### Brief
Your answer should consist of the lines below that hold the word "This".

### Data shown
^^^^^^^^^^^^^^^^

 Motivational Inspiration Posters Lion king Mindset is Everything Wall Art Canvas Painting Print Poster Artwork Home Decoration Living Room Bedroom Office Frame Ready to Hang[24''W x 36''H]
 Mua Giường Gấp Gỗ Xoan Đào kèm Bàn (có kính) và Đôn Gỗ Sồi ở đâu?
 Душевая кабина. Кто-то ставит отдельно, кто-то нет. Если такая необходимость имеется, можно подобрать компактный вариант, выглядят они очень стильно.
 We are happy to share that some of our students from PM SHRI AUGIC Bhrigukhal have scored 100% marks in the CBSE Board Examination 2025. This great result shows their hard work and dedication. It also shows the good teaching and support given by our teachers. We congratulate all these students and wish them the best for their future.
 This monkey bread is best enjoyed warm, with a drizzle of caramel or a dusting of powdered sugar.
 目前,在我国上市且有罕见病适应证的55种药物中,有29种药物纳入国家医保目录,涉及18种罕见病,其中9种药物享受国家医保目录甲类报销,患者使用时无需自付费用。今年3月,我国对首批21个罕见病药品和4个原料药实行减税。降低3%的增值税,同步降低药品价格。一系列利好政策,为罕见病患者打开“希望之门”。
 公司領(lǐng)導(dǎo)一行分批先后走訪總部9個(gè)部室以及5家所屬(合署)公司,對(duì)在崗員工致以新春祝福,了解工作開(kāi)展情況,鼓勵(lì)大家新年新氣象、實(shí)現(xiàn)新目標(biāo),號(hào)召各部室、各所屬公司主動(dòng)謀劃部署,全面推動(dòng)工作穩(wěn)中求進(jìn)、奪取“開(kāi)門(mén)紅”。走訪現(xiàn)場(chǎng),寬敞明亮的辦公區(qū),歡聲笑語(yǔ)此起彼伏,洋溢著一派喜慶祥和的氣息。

^^^^^^^^^^^^^^^^

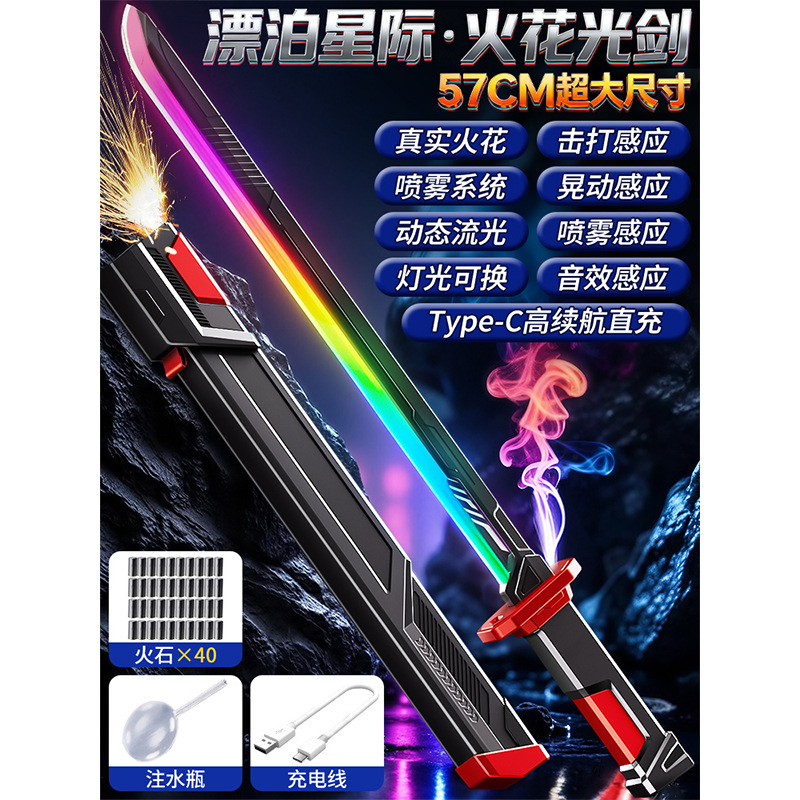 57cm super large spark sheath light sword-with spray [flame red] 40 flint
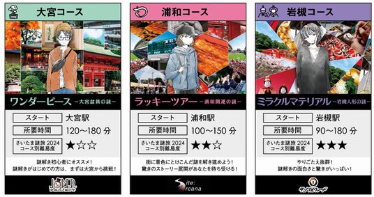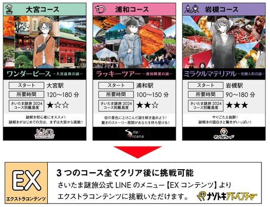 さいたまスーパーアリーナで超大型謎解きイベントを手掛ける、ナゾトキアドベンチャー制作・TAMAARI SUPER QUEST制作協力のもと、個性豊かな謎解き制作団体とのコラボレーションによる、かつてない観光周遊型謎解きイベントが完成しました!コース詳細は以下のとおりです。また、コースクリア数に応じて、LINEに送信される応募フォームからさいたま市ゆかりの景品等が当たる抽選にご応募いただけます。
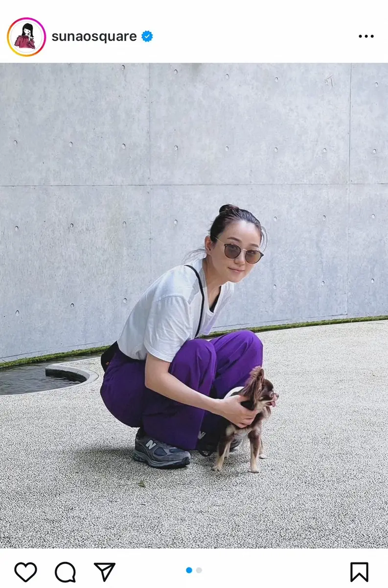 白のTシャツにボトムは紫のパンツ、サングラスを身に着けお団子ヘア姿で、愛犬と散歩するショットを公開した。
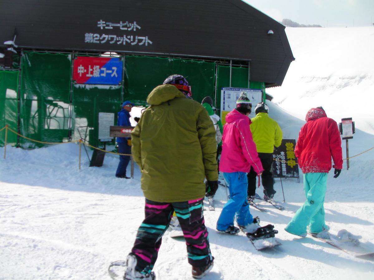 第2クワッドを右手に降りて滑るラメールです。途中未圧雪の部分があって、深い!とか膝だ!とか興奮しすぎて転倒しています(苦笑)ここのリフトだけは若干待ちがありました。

^^^^^^^^^^^^^^^^

### Completed exercise
 We are happy to share that some of our students from PM SHRI AUGIC Bhrigukhal have scored 100% marks in the CBSE Board Examination 2025. This great result shows their hard work and dedication. It also shows the good teaching and support given by our teachers. We congratulate all these students and wish them the best for their future.
 This monkey bread is best enjoyed warm, with a drizzle of caramel or a dusting of powdered sugar.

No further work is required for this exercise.